Eine weitere, nahezu erschreckende Feststellung bliebe in der Analyse der äußeren Umstände eines Elektroevents aufzuzeigen. Egal ob Fusionfestival oder kleines Tanzspektakel auf einer Elbinsel: veganes Futter, glückliche Kinder, Kaffee mit Sojamilch, alkfreie Getränke, fairste Preise bis umsonst. Die ökologisch, politisch korrekte, dynamische Message der vielfältigsten subkulturellen Zusammenhänge wird hier nicht nur ausgesprochen, sondern gelebt und direkt praktisch umgesetzt. Lasst den Worten Taten folgen. Elektro ist keineswegs nur stumpfes Beatgeballer ohne Message. Wo Punker noch skandieren, Technoheads noch Pillen schmeißen, Metaler noch saufen und Hardcorer noch posen, lebt der Elektro das schöne Leben. Einfach so und reißt alle mit, verbindet alle. Elektro ist der Punk der 2000´er, der Integrationshelfer einer Generation, die das trinken aus Schnabeltassen schon früh mit Hilfe von Coffee to go übt.

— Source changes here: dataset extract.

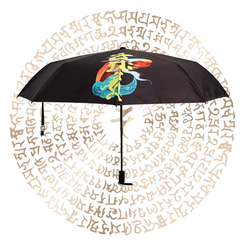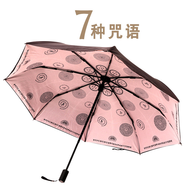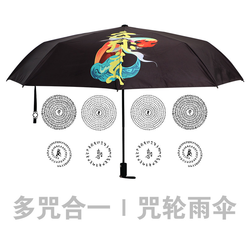 Mantra wheel blessing parasol Dual-use umbrella Immobile Buddha heart mantra Pharmacist Buddha Anti-UV folding Buddha small black umbrella

Bevor es also abends Diskussionen um die Auswahl der Tanzmusik geht: direkt Elektro rein. Oder rein in den Elektro. Ein gutes Schreikonzert würde ich dem Elektrotanzabend natürlich immer noch vorziehen, denn es gibt noch die Bands die Wissen, wie man Basismusikalisch arbeitet, aber nicht um den Preis einer Freundschaft, deren musikalischen Interessen zu weit auseinanderdriften.